Съемки были перенесены вглубь страны, в Роквер. Солнце сильно припекало, цикады затихли. Я не видел моря, но чувствовал его. Оно ощущалось в воздухе.
Здесь был добрый десяток мест для съемок, разбросанных тут и там. Увы, меня оставляли в базовом лагере на подхвате, и я редко бывал на съемочной площадке, за исключением случаев, когда снимали сложную сцену и нужна была моя помощь.
Однажды утром меня прихватили с собой для сцены в порту, так как требовалось перекрыть движение и блокировать зевак. Наконец-то я снова увидел мое дорогое Средиземное море, все такое же юное и прекрасное.
Жан-Франсуа Стевенен сидел, опустив ноги в воду. У него на ногах были водные лыжи. Он впустую тратил время и силы, так как актерская гордость не позволяла ему признаться, что он ничего в этом не смыслит. Режиссер-постановщик выражал нетерпение, и, пока второй режиссер срочно искал специалиста, остальные смотрели на воду как на раскаленную лаву.
– Я могу помочь, если хочешь, мой отец был инструктором по водным лыжам, – осмелился я сказать режиссеру-постановщику.
По его глазам я прекрасно видел, что он не усматривал никакой связи между водными лыжами и кино, но у него не было времени слушать рассказы из моей жизни.

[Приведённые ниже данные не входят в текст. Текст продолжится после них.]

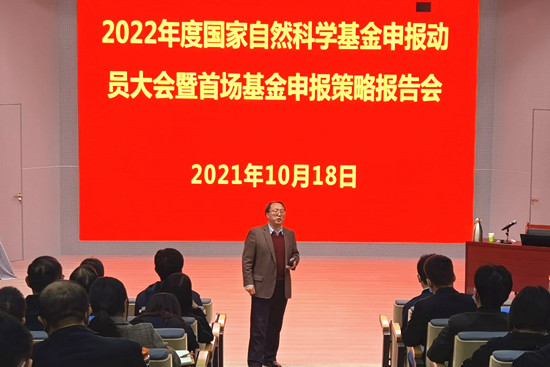 为做好2022年度国家自然科学基金和国家社会科学基金项目申报工作,充分调动广大教师申报基金项目的积极性,提升项目申请书的总体撰写质量,10月18日下午,学校在清源校区召开2022年度国家基金项目申报动员大会暨首场申报辅导报告会。各二级单位科研工作分管领导、近五年入职的青年教师共160余人参加会议,会议由副院长陈家庆主持。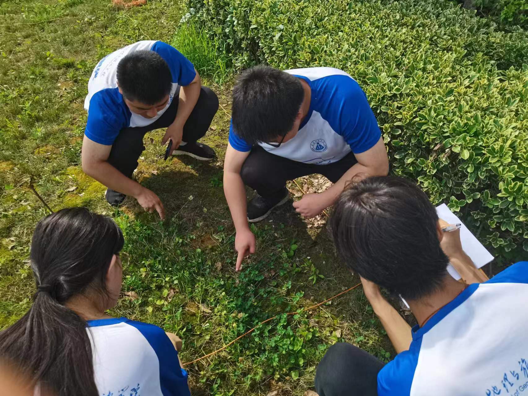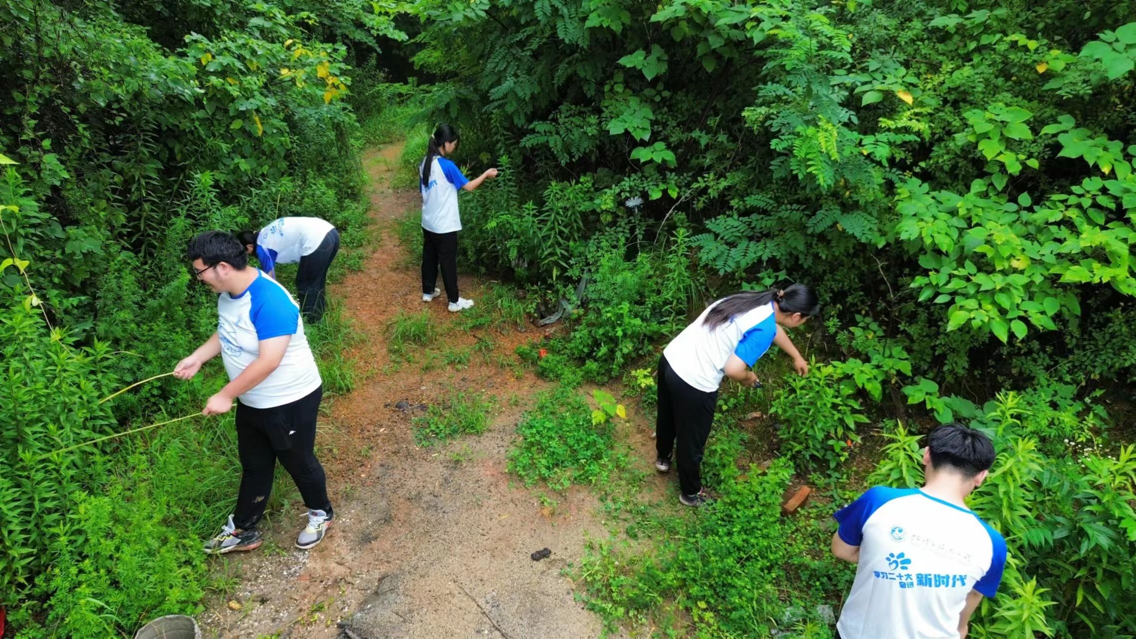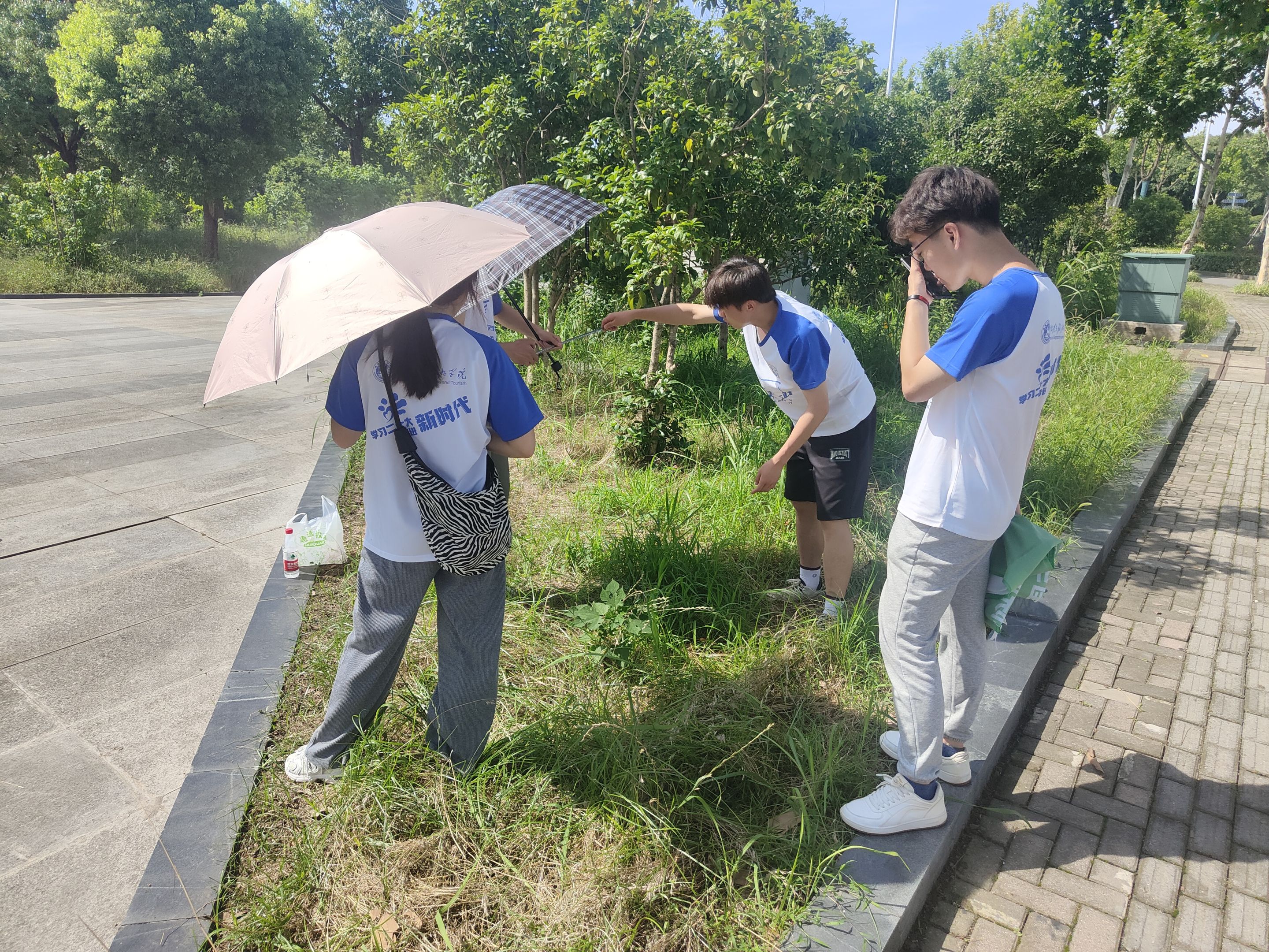 三天的时间里,三支小队前往了十里江湾、春鸠兹生态公园、银湖公园、白马山等多地进行调研。队员们秉承着严谨的研究态度,精益求精,切实做好样方的选取、植物密度和盖度的计算工作,以确保研究结果的准确性。三天的时间里,队员们经历了三十多度的高温,也经历了瓢泼的大雨,但是这丝毫没有阻挡队员们的研究脚步。待到风止雨歇,成员们依旧一丝不苟地工作,展现了地理人不惧风雨、勇于攀登的风采。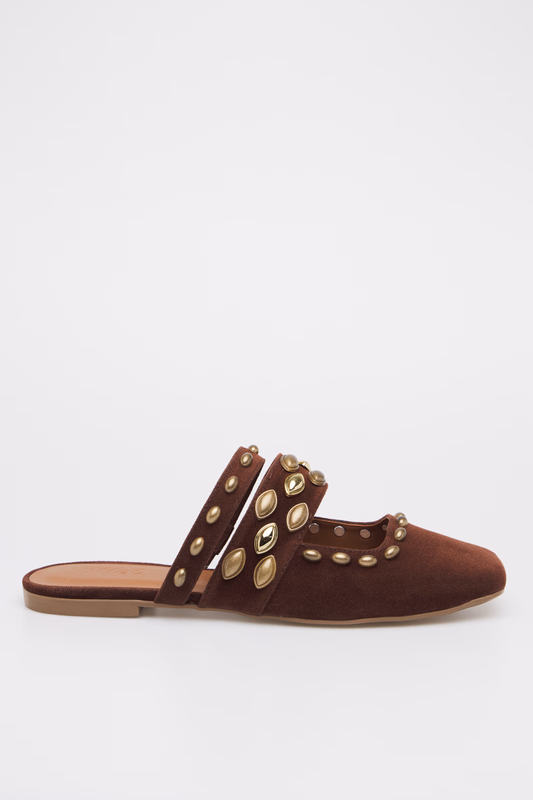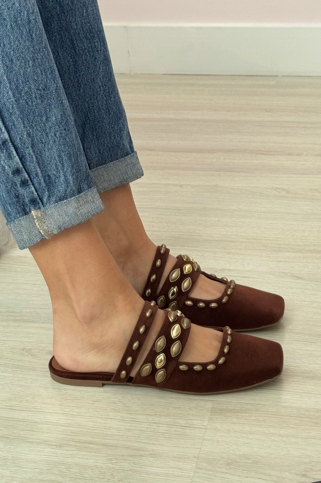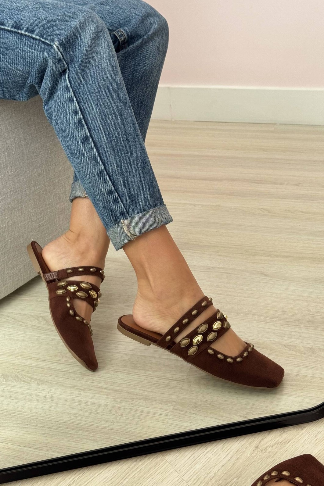A Mule Esther Marrom MIST é a prova de que praticidade e estilo podem andar juntos. Com design contemporâneo de bico quadrado, seu diferencial é a aplicação de um mix de tachas e studs em metal ouro velho, adicionando uma estética folk sofisticada.

– Если ты думаешь, что можешь помочь, иди и помоги, – ответил он немного скептически.
Через несколько секунд я был в воде. Я подплыл к Жану-Франсуа, успокоил его и объяснил: ноги должны быть согнуты, руки вытянуты. И удержал его ногами, чтобы стабилизировать. Актер поднялся из воды с первого же дубля. На пристани мне улыбался Патрик. Он гордился своим протеже.
Через несколько недель мы сидели в отеле в Роквере. Клод, режиссер-постановщик, с самого начала тщетно пытался найти интерьер для спальни. В конце концов он поднялся на чердак. Это было место, куда хозяин отеля сваливал старую мебель, как правило, сломанную. Помещение было большое, хорошо ориентированное по сторонам света и прекрасно освещенное, особенно по утрам.
– Вот это отлично подходит, – сказал Клод.